Postby GregoYatzee » Wed Sep 28, 2016 10:36 am

Charging issue in my old FrankenFord. My truck is an early 70's box turned into a dump truck. Base is an f350 and cab is 1970 f100 with a 72ish 390 engine with points ignition.

I've found two related wiring schematics. This is the one that matches my wiring... http://www.fordification.com/tech/wi...350_master.jpg (This has the volt gauge rather than light.)

Nothing had been changed the 8+ years I've owned the truck except for replacement of the fuse link when I first bought it. (I haven't driven it more than 100 miles per year.) Early this summer, the truck would die after driven for a bit. My final diagnosis of the problem is charge voltage at 22-30 volts, which caused the wiring to get very hot and blew fuse link. With fuse out, I can remote start truck and it will run, with high voltage (not charging). I separated all fuse link connections with individual blade fuses. The only fuse to blow is the wire from the battery terminal of the alternator. This however doesn't help me understand what is causing the high voltage, I guess is the core of the problem.

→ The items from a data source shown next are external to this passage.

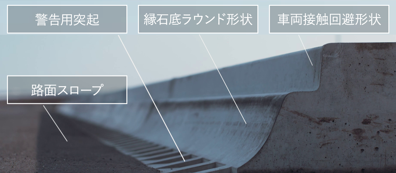 | 路面スロープ | 警告用突起 | 縁石底ラウンド形状 | 車両接触回避形状 |
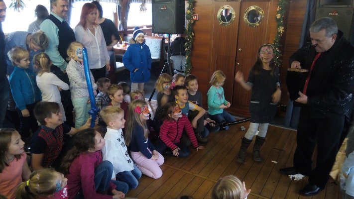 To už se ale rozezněly první tóny kapely Elitte Music, spustila se řízená degustace předního čejkovického vinaře, u karikaturistů se tvořily fronty a zábava se rozjela v plném proudu. Na své si přišli jak dospělí, tak především děti. Pro ně byl totiž připraven zábavný animační program v celé spodní kryté palubě, kde na ně čekal klaun a kouzelník Roberto se svým tradičním vystoupením. Děti tancovaly na dětskou diskotéku, s animátorkou vyráběly zvířátka a vánoční ozdoby, které si pak odnesly domů. Nechybělo ani malování na obličej. Ve druhé polovině plavby přišel Ježíšek a pro každé dítě nechal pod vánočním stromečkem dáreček.
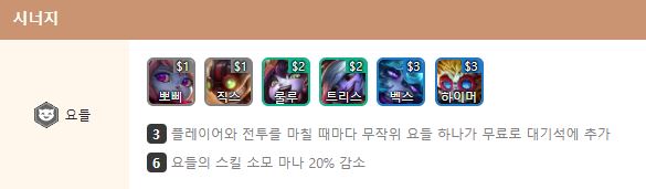 시즌5의 용족 시너지처럼 전투가 끝난후에 요들 유닛이 하나씩 무작위로 대기석에 등장합니다.
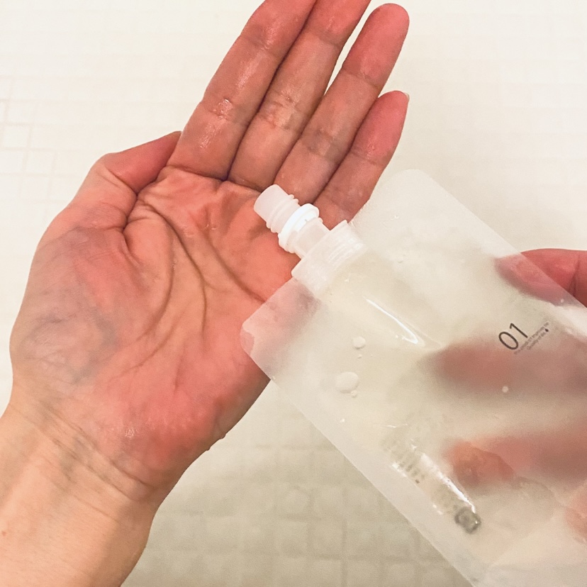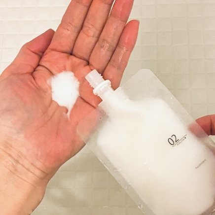 シャンプーを手に取り、根本に近い部分で泡立てます。ふんわり柔らかな泡が出来るので、マッサージしながら優しく使用出来ました。
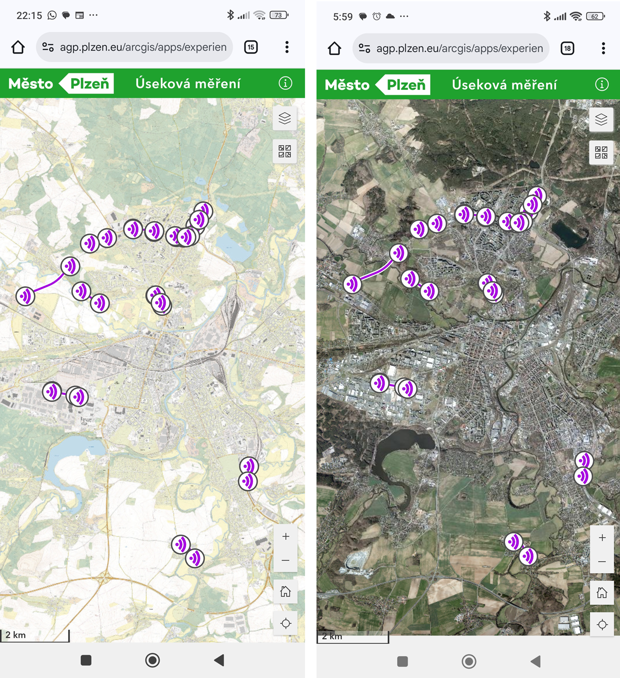 Mapa úseků komunikací, na kterých je prováděno úsekové měření rychlosti je k dispozici v mapové aplikaci Geoportálu města Plzně.
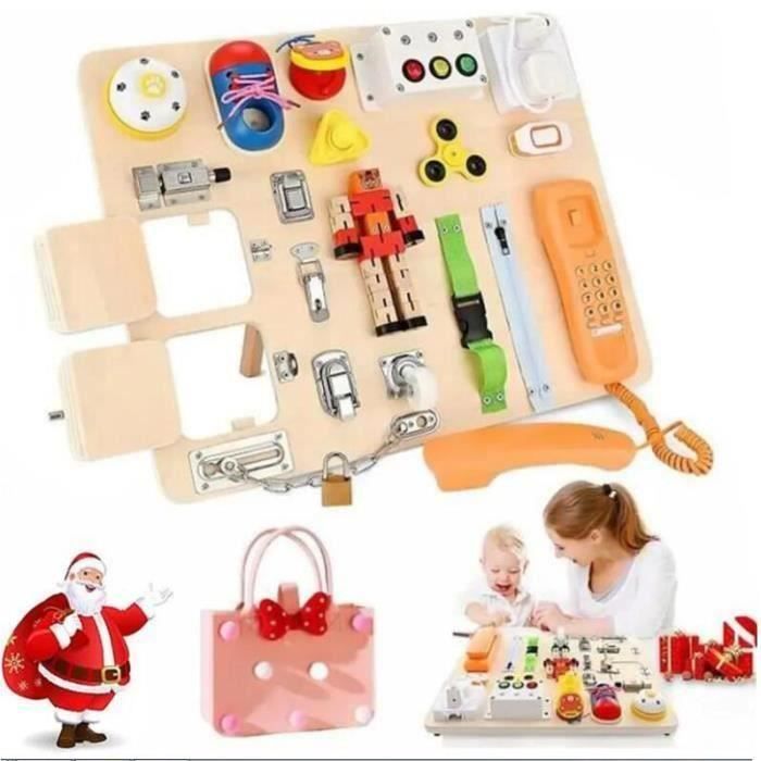 Les tout-petits peuvent apprendre l'orthographe et les chiffres grâce aux lettres, aux chiffres et aux jeux d'enfilage Et les coutures sont renforcées pour garantir qu'elles ne tombent pas facilement et sont suffisamment durables pour résister à l'utilisation par de jeunes enfants., 2., La planche d'activités pour tout-petits est légère et dotée d'une poignée, ce qui la rend pratique à transporter et à jouer pour les enfants. Apprendre en jouant : les tableaux sensoriels aident les jeunes enfants à développer des compétences importantes grâce au jeu. Cadeau Parfait : Le montessori busy board est bien fait et de haute qualité, avec de jolis motifs et des lettres d'animaux sur la couverture. Elle peut occuper les tout-petits pendant des heures et les aider à développer des compétences de base par le jeu. Busy Board Montessori,20 Compétences Motrices de Base,avec Sac de Facile à Utiliser et Bien Fait : Conçu pour les petites mains, ce jouet Montessori est bien construit et de la bonne taille pour les garçons et les filles âgés de 1 à 4 ans. Chaque composant est solidement fixé à la carte pour garantir sécurité et durabilité. Un jouet sensoriel que votre enfant devrait avoir ! Il contient 8 pages souples Jouet 2 Ans Busy Board Montessori - Jouets Pour Tout-petits De 1 à 3 Ans Jouet Sensoriel Voyage 1-4 Ans Les pages de formes assorties et les puzzles favorisent la reconnaissance et l'imagination. Et il peut s'adapter à la plupart des sacs à couches ou cartables. Découvrez le Busy Board Transformez l'apprentissage en jeu avec le Busy Board en apparence de volant et tableau de bord de voiture. Conçu spécialement pour éveiller et stimuler la motricité et l'ingéniosité de vos enfants Liste des paquets : 1 livre activite bebe Avertissement De Sûreté Non applicable Jouet de voyage sûr et portable : le busy board montessori est fabriqué en tissu feutre de haute qualité, garantissant durabilité et sécurité pour les enfants. Il est doux et n'a pas de coins durs, ce qui ne blessera pas votre bébé. un cadeau idéal pour les anniversaires, noël et autres occasions spéciales pour les garçons et les filles âgés de 1 à 4 ans, il enseigne aux enfants les compétences de base par le jeu et les occupe pendant des heures tout en développant les compétences motrices fines essentielles

The last several months I have been trying to sort this problem. I replaced fuse link with a blade fuse holder and even replaced entire fuse box with blade fuses. No change to problem. All grounding I have tested have tested good. Replaced voltage regulator, same. Tried a spare alternator, same, both bench tested good. Most recently, I replaced distributor, alternator, ignition switch, coil, cap, rotor, plug wires... resistor wire after it burned out from testing... all new.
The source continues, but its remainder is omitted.